Problem statement |
Please write out exactly the lines of the data below from the line holding "Neoprene-coated wire holder." through the line holding "For a dating", and leave out the rest.
+++ Extracted entries
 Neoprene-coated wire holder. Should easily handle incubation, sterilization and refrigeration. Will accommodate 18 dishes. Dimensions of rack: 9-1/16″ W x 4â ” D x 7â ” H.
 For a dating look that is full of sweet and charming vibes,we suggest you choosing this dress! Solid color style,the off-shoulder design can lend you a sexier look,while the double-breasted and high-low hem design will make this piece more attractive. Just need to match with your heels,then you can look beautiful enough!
++++++
+++ Extracted entries
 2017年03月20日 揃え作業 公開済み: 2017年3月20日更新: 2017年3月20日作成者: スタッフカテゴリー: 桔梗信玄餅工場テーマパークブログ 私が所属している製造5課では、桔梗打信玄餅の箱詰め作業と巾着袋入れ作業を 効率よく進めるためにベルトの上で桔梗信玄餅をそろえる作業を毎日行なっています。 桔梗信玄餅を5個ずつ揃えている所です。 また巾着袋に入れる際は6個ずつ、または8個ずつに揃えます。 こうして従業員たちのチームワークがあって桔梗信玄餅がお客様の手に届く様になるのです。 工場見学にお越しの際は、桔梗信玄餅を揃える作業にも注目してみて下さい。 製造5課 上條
++++++
Reply to the task |
 Neoprene-coated wire holder. Should easily handle incubation, sterilization and refrigeration. Will accommodate 18 dishes. Dimensions of rack: 9-1/16″ W x 4â ” D x 7â ” H.
 For a dating look that is full of sweet and charming vibes,we suggest you choosing this dress! Solid color style,the off-shoulder design can lend you a sexier look,while the double-breasted and high-low hem design will make this piece more attractive. Just need to match with your heels,then you can look beautiful enough!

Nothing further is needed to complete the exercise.